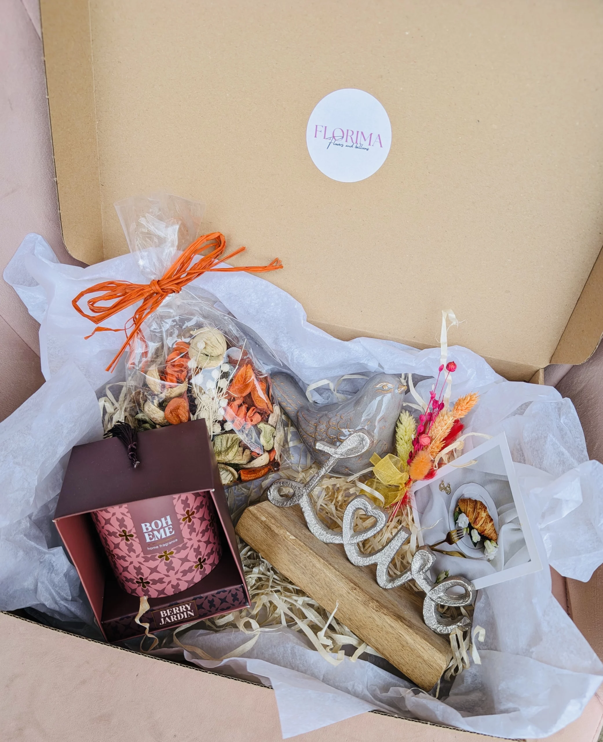 Skład boxu: Ptaszka, „LOVE”, świeca, kartka, mieszanka aromatyzowana. Prezent jest ładnie zapakowany i zawiązany wstążka z kakardą
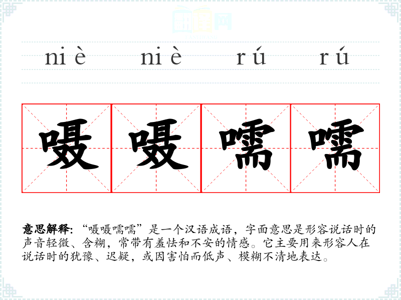 “嗫嗫嚅嚅”是一个汉语成语,字面意思是形容说话时的声音轻微、含糊,常带有羞怯和不安的情感。它主要用来形容人在说话时的犹豫、迟疑,或因害怕而低声、模糊不清地表达。
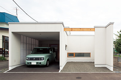間口9m奥行27mの細長い敷地に「バリアフリーの家をつくってほしい」と、依頼を受けた。クライアントはご夫婦2人で、要望は足が不自由な奥さんに合わせた機能的な配慮と、だからといってそれらが全面的に現れるようなデザインにはならないようにすること、そして何より「楽しい家」だった。
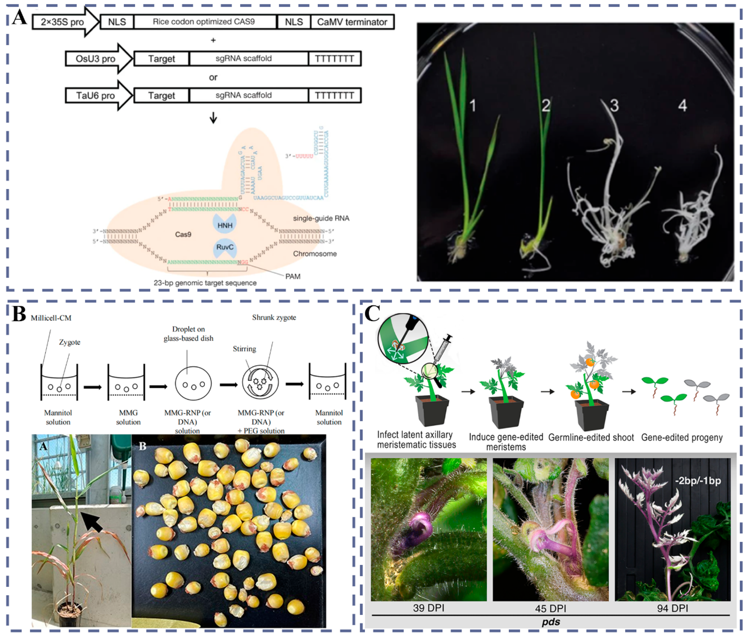 Figure 8. (A) Schematic of the engineered type II CRISPR-Cas system. Cas9’s HNH and RuvC-like domains cleave the target sequence’s strands when the correct PAM sequence is present. NLSs, nuclear localization signals. Reprinted with permission from ref. [148], Copyright 2013, Springer Nature. (B) PEG-mediated delivery of Cas9-gRNA RNPs to maize-B73 zygotes and verification of mutagenesis in regenerated plants; reprinted with permission from ref. [154], Copyright 2024, Oxford University Press. (C) Generation of gene-edited shoots via viral infection of dormant axillary meristematic cells. Reprinted with permission from Ref. [155], Copyright 2024.
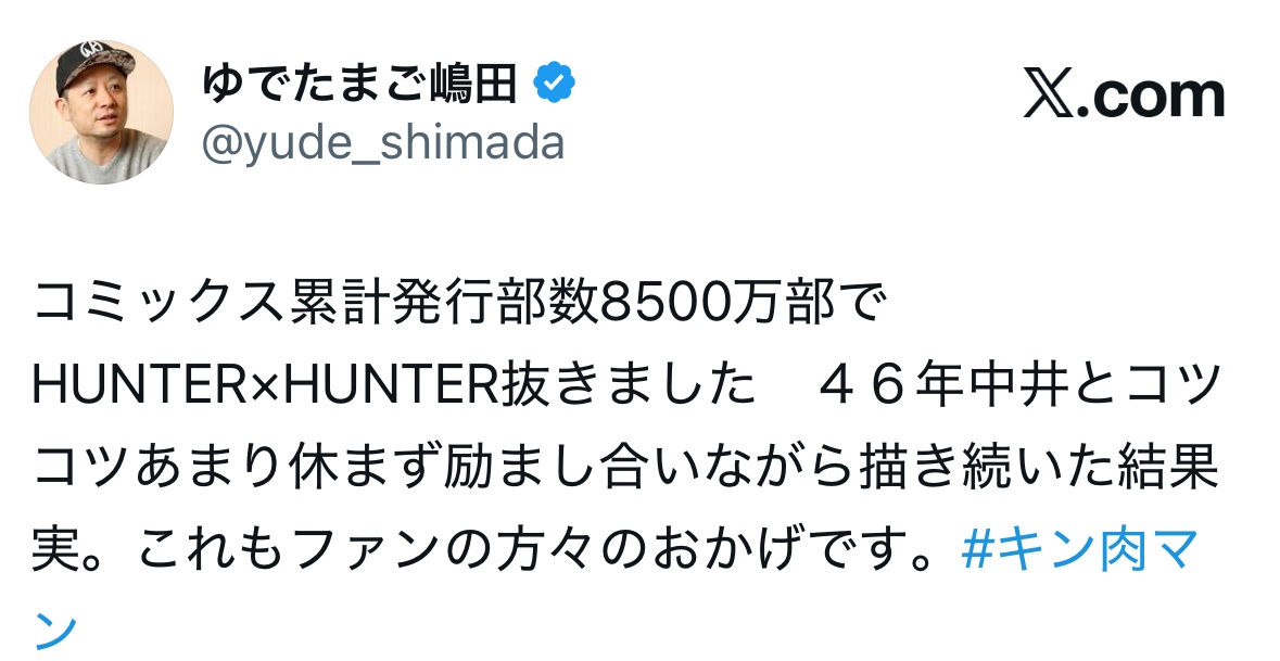 キン肉マン作者「累計発行部数でHUNTER×HUNTER抜きました。休まず描いた結果です。」 Twitter Facebook はてブ LINE コピー 2025.09.04 スポンサーリンク ◇ 1: 名無し 2025/09/04(木) 15:10:25.32 ID:HQqUNPBa0 お、煽りか? https://x.com/yude_shimada/status/1963382991222100405 ◇ 2: 名無し 2025/09/04(木) 15:11:01.23 ID:T7jTqOpZ0 またコイツかよ… ◇ 11: 名無し 2025/09/04(木) 15:12:02.73 ID:QvGBJCo20 いちいちそこは言わなくていいやんw 続きを読む
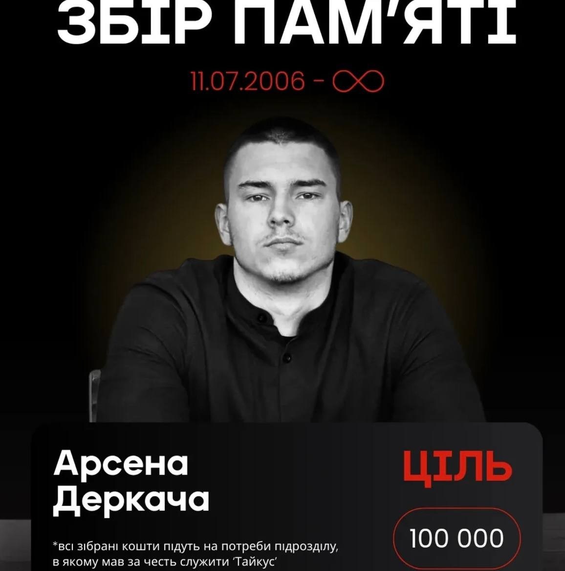 Рідні загиблого Героя Арсена Деркача оголосили збір коштів для підтримки підрозділу, в якому служив юний «Тайкус»
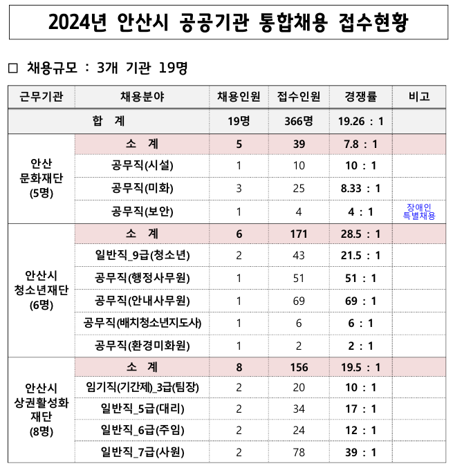 지난달 22일부터 28일까지 2024년 안산시 산하 공공기관 정기 통합채용 응시원서를 접수한 결과 3개 기관 19명 선발에 총 366명이 접수했다.

|---|

With the images omitted, repeat all the data word for word.

### Response
 Skład boxu: Ptaszka, „LOVE”, świeca, kartka, mieszanka aromatyzowana. Prezent jest ładnie zapakowany i zawiązany wstążka z kakardą
 “嗫嗫嚅嚅”是一个汉语成语,字面意思是形容说话时的声音轻微、含糊,常带有羞怯和不安的情感。它主要用来形容人在说话时的犹豫、迟疑,或因害怕而低声、模糊不清地表达。
間口9m奥行27mの細長い敷地に「バリアフリーの家をつくってほしい」と、依頼を受けた。クライアントはご夫婦2人で、要望は足が不自由な奥さんに合わせた機能的な配慮と、だからといってそれらが全面的に現れるようなデザインにはならないようにすること、そして何より「楽しい家」だった。
 Figure 8. (A) Schematic of the engineered type II CRISPR-Cas system. Cas9’s HNH and RuvC-like domains cleave the target sequence’s strands when the correct PAM sequence is present. NLSs, nuclear localization signals. Reprinted with permission from ref. [148], Copyright 2013, Springer Nature. (B) PEG-mediated delivery of Cas9-gRNA RNPs to maize-B73 zygotes and verification of mutagenesis in regenerated plants; reprinted with permission from ref. [154], Copyright 2024, Oxford University Press. (C) Generation of gene-edited shoots via viral infection of dormant axillary meristematic cells. Reprinted with permission from Ref. [155], Copyright 2024.
 キン肉マン作者「累計発行部数でHUNTER×HUNTER抜きました。休まず描いた結果です。」 Twitter Facebook はてブ LINE コピー 2025.09.04 スポンサーリンク ◇ 1: 名無し 2025/09/04(木) 15:10:25.32 ID:HQqUNPBa0 お、煽りか? https://x.com/yude_shimada/status/1963382991222100405 ◇ 2: 名無し 2025/09/04(木) 15:11:01.23 ID:T7jTqOpZ0 またコイツかよ… ◇ 11: 名無し 2025/09/04(木) 15:12:02.73 ID:QvGBJCo20 いちいちそこは言わなくていいやんw 続きを読む
 Рідні загиблого Героя Арсена Деркача оголосили збір коштів для підтримки підрозділу, в якому служив юний «Тайкус»
 지난달 22일부터 28일까지 2024년 안산시 산하 공공기관 정기 통합채용 응시원서를 접수한 결과 3개 기관 19명 선발에 총 366명이 접수했다.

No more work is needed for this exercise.